→ Description of the task: The copy you give must match the lines from the top of the data through the line containing "给你两个开关、两个灯泡、两节" exactly, and it must hold no pictures.

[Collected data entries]
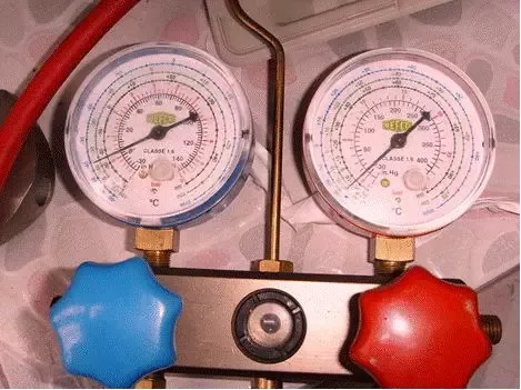 我们先看看未接表前压力表的数值...双头表是这样的...(左蓝色,右红色)
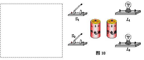 给你两个开关、两个灯泡、两节干电池和若干导线,如图10,设计电路使每个开关只控制一个灯泡,画出电路图,连接实物电路。(5分)
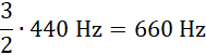 Podaj kilka częstotliwości dźwięków, które będą dobrze współbrzmieć z dźwiękiem o częstotliwości 440 Hz, oznaczonym a1 wiedząc, że dwa dźwięki dobrze współbrzmią, gdy stosunek ich częstotliwości jest ułamkiem, w którym licznik i mianownik są małymi liczbami naturalnymi.
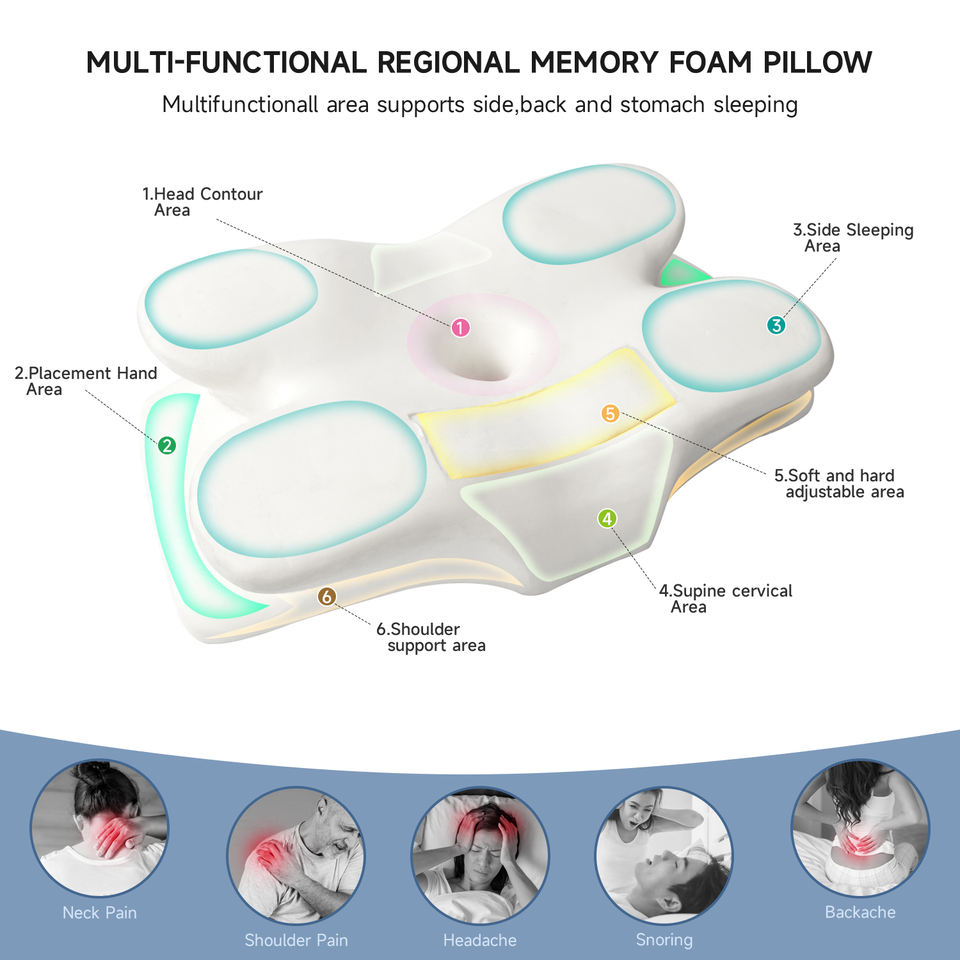 ODM OEM Almohada Oreiller cervical en mousse à mémoire de forme Forme de papillon pour les douleurs d'épaule Oreillers de sommeil cervicaux orthopédiques
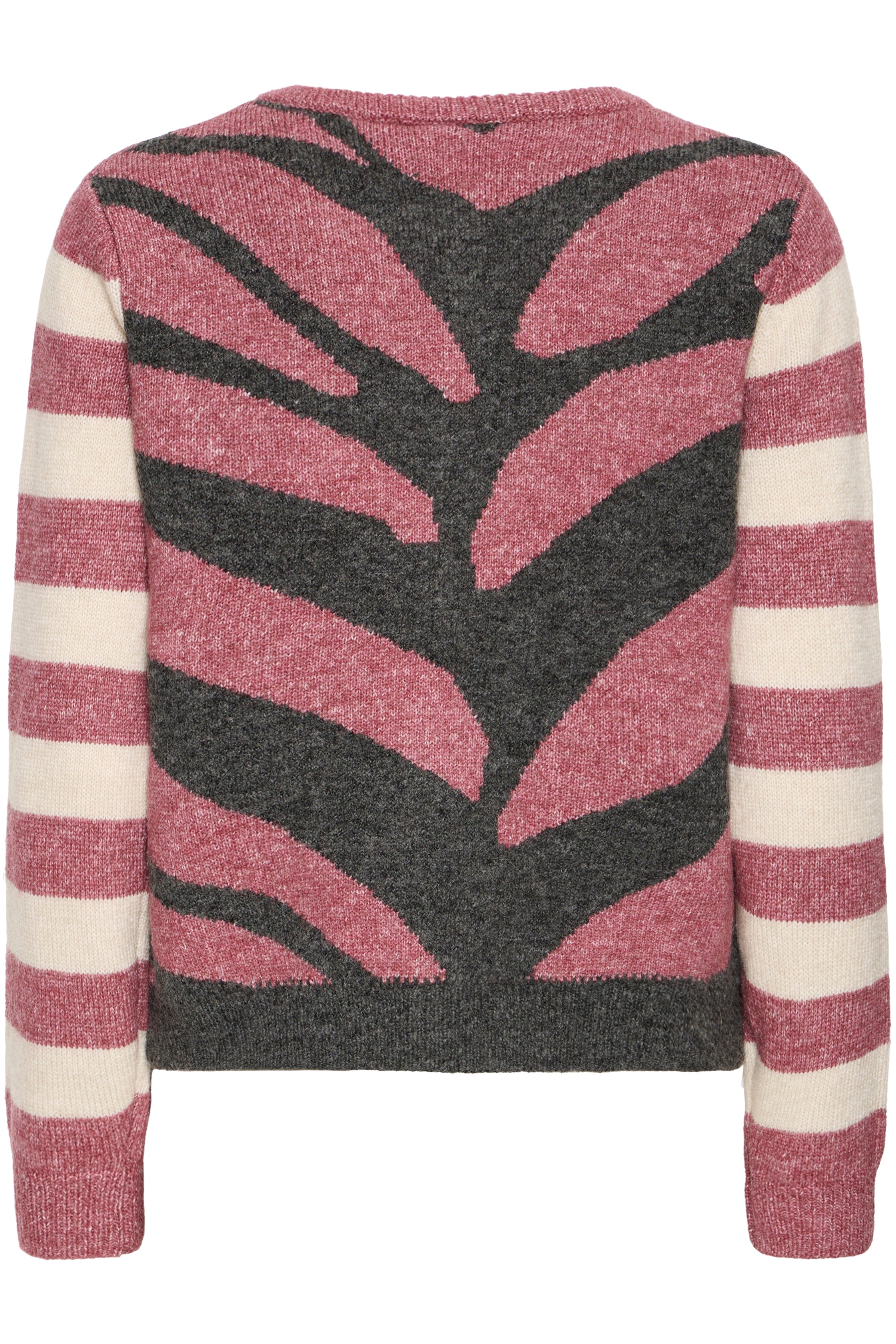 IHLIVONI CA2 er en lækker cardigan fra ICHI. Denne strik har et flot mønster i rød, creme og sort, en flot rund krave og yndige hjerteknapper i guld.
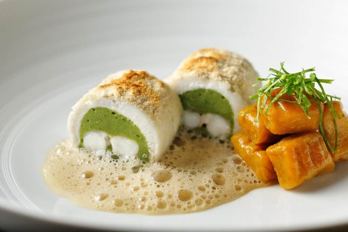 魚料理は、えびをバジル風味のホタテのムースで包み、マツカワガレイで巻いてふっくらと蒸した一品です。仕上げに粉状にしたグリッシーニをかけて炙ることで、香ばしい味わいにまとめます。ソースは、ベルモット(*7)とえびの殻を使ったクリームをムース状にしてふんわりと合わせます。また、付け合わせは、レモンと貝の出汁を使ったバターソースを絡めた南瓜のニョッキです。ニョッキは、とろけるような柔らかい食感にこだわりました。爽やかな酸味がマツカワガレイの味わいと調和し合います。
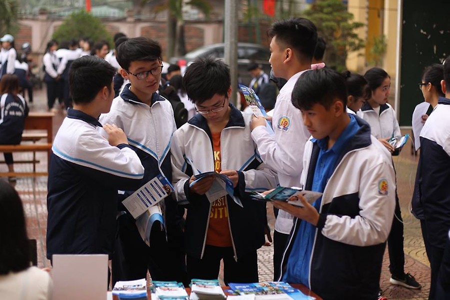 Học sinh lớp 12, Trường THPT Trần Hưng Đạo (huyện Thủy Nguyên) chia sẻ thắc mắc, khó khăn trước kỳ thi THPT Quốc gia năm 2018. Ảnh MINH PHƯƠNG
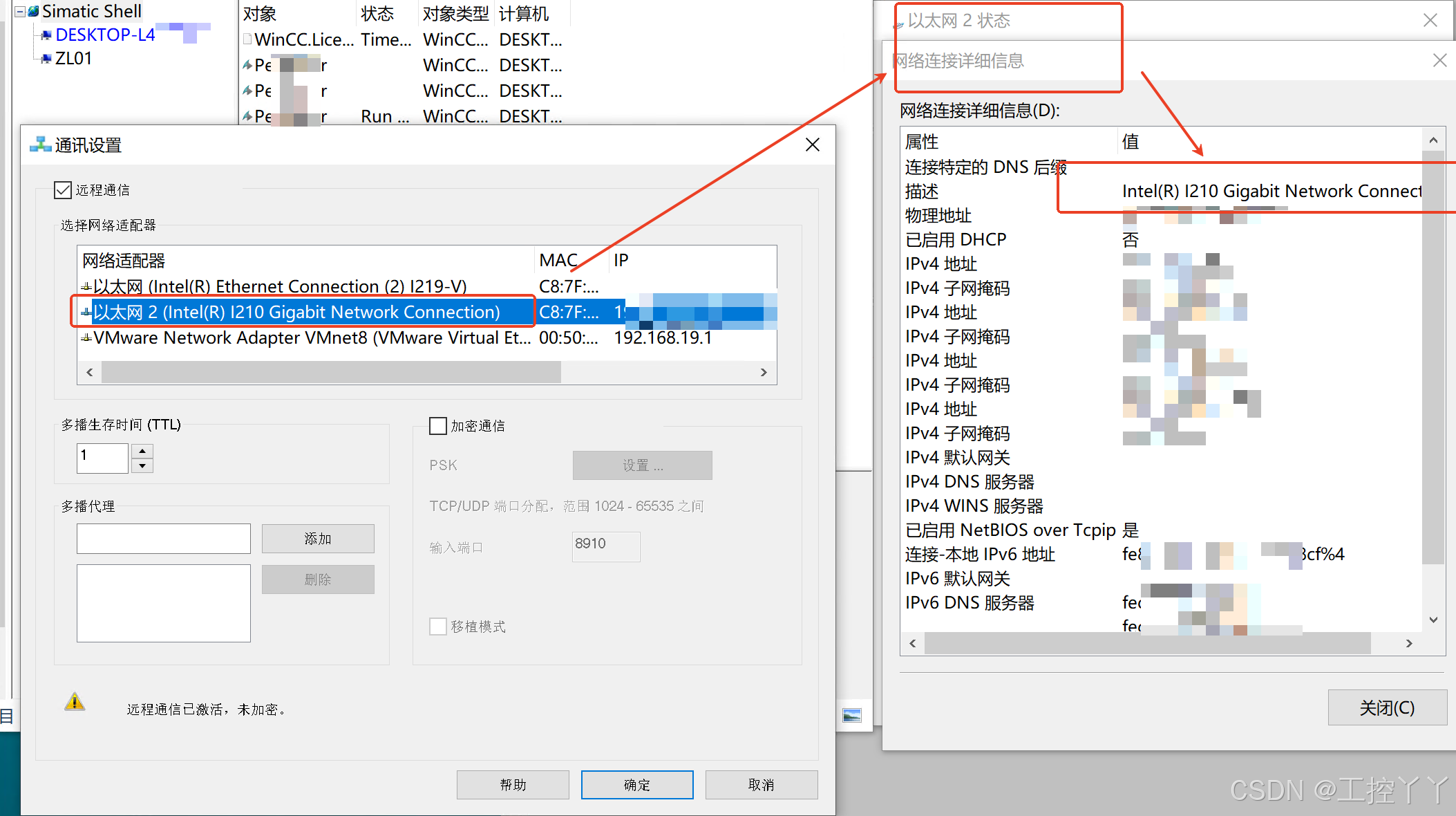 重要:打开此电脑中的SMATIC SHELL文件,点击设置,选对应的网线名称,客户端和服务器都需要设置
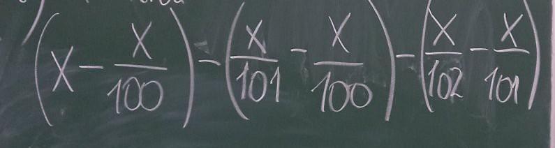 = x - x/100 - x/101 + x/100 - x/102 + x/101 = x - x/102
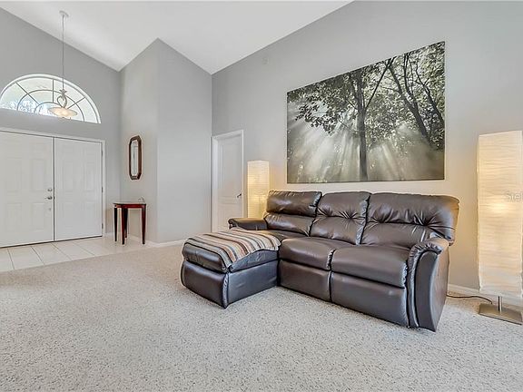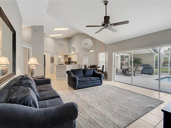 Located in the sought after Hunter's Creek area, this 4 bedroom 3 bath sits on a cul-de-sac lot and has been freshly painted on both the exterior and interior. This open concept, three way split home boasts soaring ceilings throughout with both a formal dining room adorned with a chair rail and a formal living room providing sliding glass door access to the screened in pool area. The kitchen features stainless steel appliances, a closet pantry, an abundance of cabinet and countertop space, and overlooks the family room that also has access to the outdoor living space through sliding glass doors. The master suite boasts two walk in closets and an en-suite bath with 2 separate vanity areas, a walk-in shower, and a garden tub. The 3 remaining bedrooms have wood tile flooring and ceiling fans and are split making one the perfect guest area with full bath. Enjoy entertaining in the screened-in pool area and grassy backyard space. Conveniently located near great shopping, dining, and major roads.
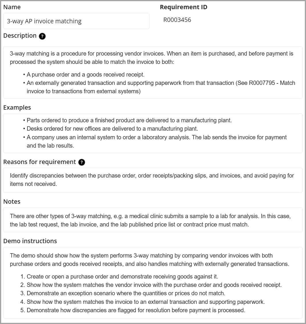 Each requirement is defined in practical detail so your team can see what the software must do, why it matters, and, if it will be demoed, what the demo should show. That makes it easier to test real fit instead of relying on broad claims, vague promises, or assumptions.
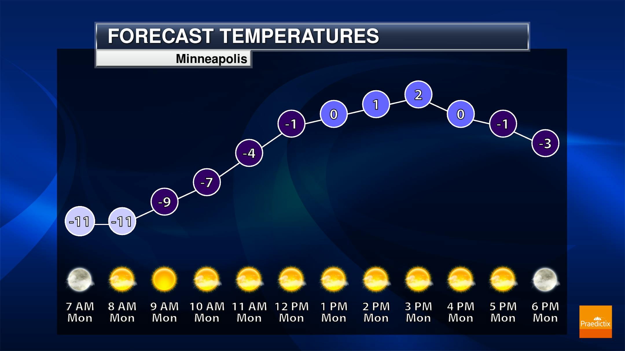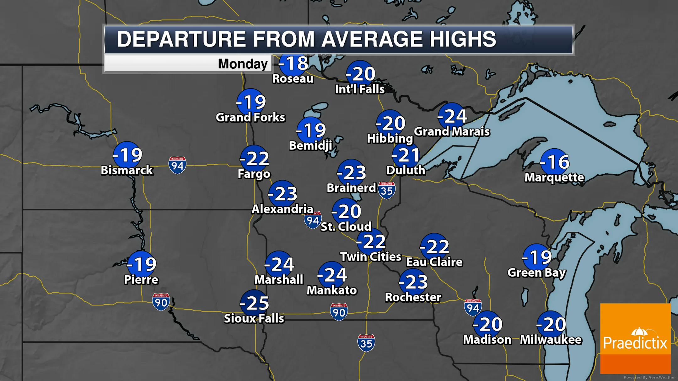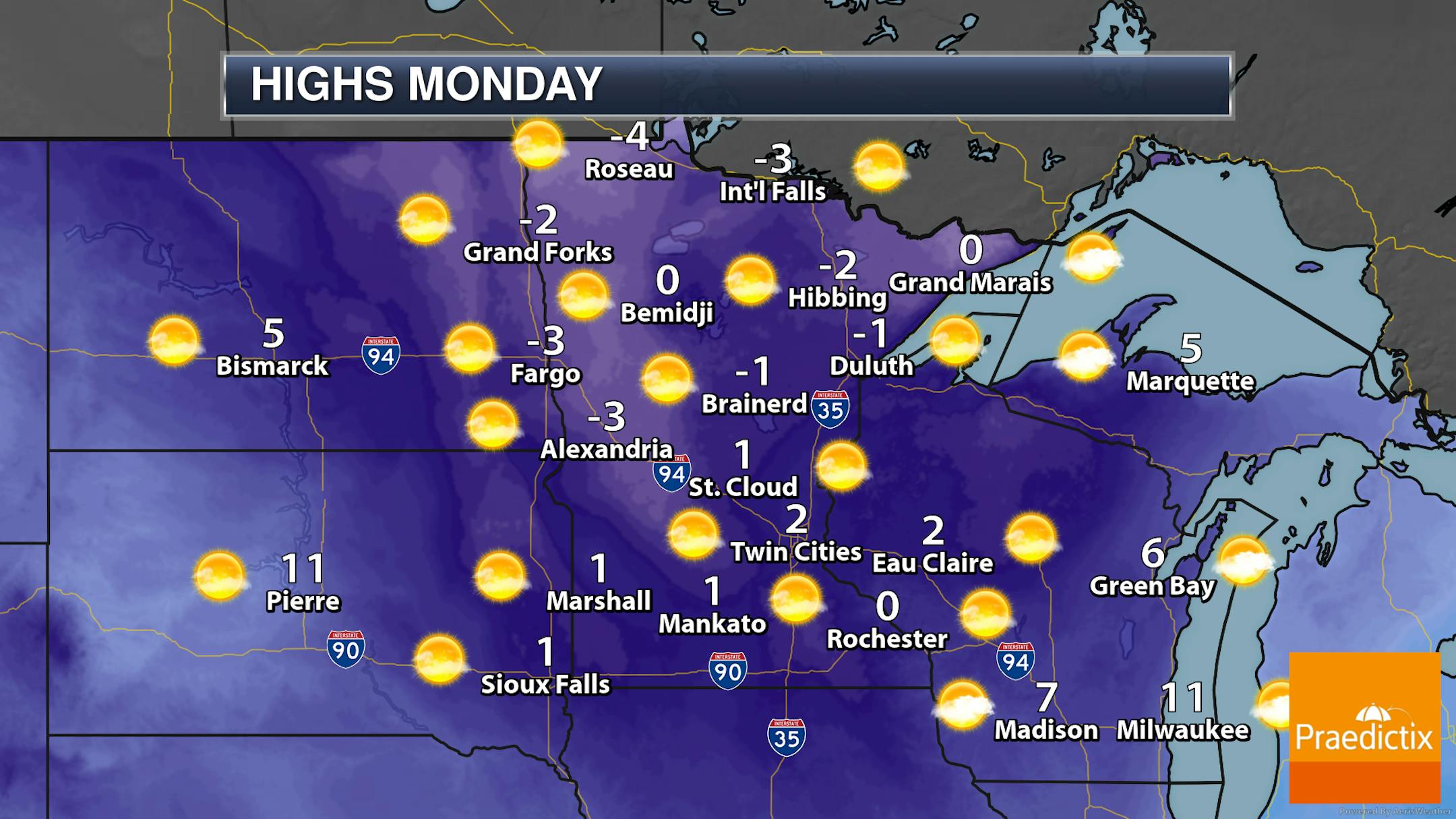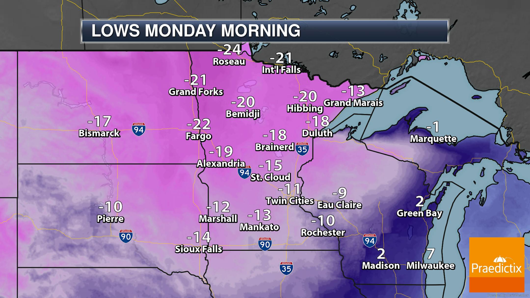 Monday will be one of those misleading days as you look outside - yes, it'll be sunny, but it'll be bitterly cold! After dipping into the teens below zero overnight in the metro, highs will struggle to make it back above zero. Once you factor in westerly 5-10 mph winds, it'll feel more like the teens and 20s below zero.
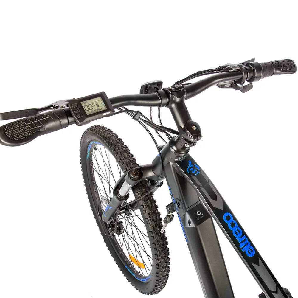 Электровелосипед Eltreco Ultra Max черно-синий - это стильное и эффективное транспортное средство, которое предлагает комфортное и экологически чистое передвижение.
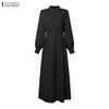 ZANZEA Элегантное женское платье с воротником-стойкой, пышными рукавами на пуговицах, приталенным силуэтом, повседневное, свободное, длинное, плиссированное
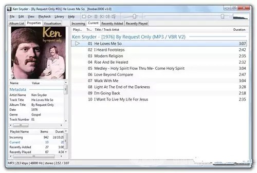 (1)Foobar2000可以說是Windows系統(tǒng)中的音樂播放神器,不僅支持所有的音頻文件格式,同時通過它的不同DSP組件還能與專業(yè)的VST插件進行橋接、重采樣、多聲道輸出等等,另外它還具有完全的界面UI自定義功能,當然它的音質(zhì)也是媲美于專業(yè)的音頻工作站,最后它所擅長的就是播放列表管理功能了,這個功能特別適合于現(xiàn)場節(jié)目較多的情況。
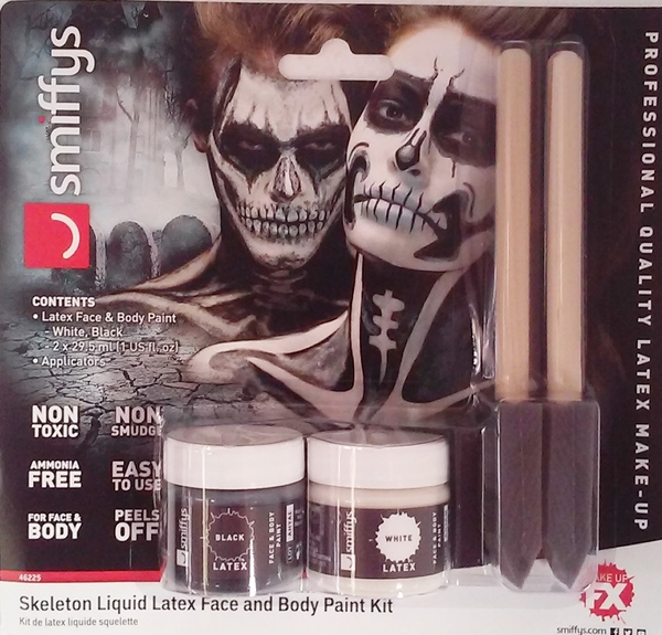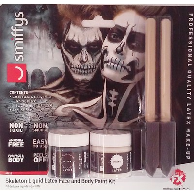 With this skeleton latex face & body paint kit, you'll have no problem achieving a professional look! This kit includes: 2 x applicators and 2 x latex face & body paint jars (white & black - both 29.5ml.) Step-by-step instructions are included as well (to help you become an expert!) Coordinate with our costume items and your costume is bound to be a huge success!
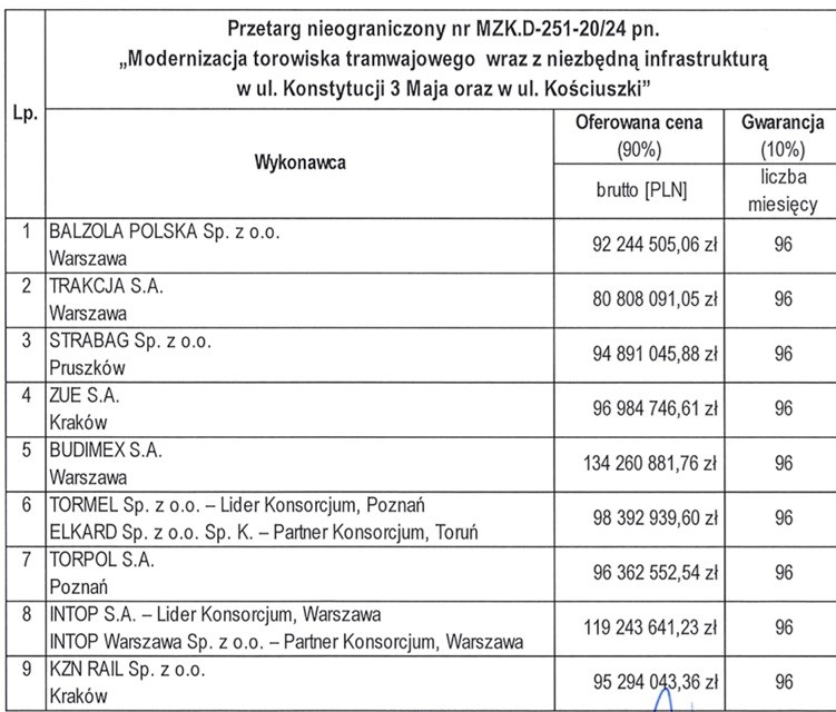 MZK właśnie otworzył złożone oferty. Dowiedzieliśmy się więc, że realizacją prac zainteresowanych jest 9 podmiotów, z ofertami wartymi od 80,808 mln złotych do 134,26 mln złotych brutto. Najtańszą ofertę złożyła Trakcja, natomiast najdroższą Budimex. Pełne zestawienie ofert znajduje się poniżej. Budżet zamawiającego to 86,1 mln złotych brutto, w którym mieści się tylko oferta Trakcji.
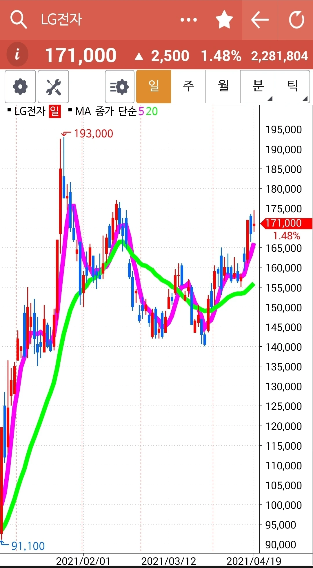 20일선을 찍고 홱 돌아서야 할 텐데. 과연 어떻게 될까. 파이팅!

→ Result of this task:
 我们先看看未接表前压力表的数值...双头表是这样的...(左蓝色,右红色)
 给你两个开关、两个灯泡、两节干电池和若干导线,如图10,设计电路使每个开关只控制一个灯泡,画出电路图,连接实物电路。(5分)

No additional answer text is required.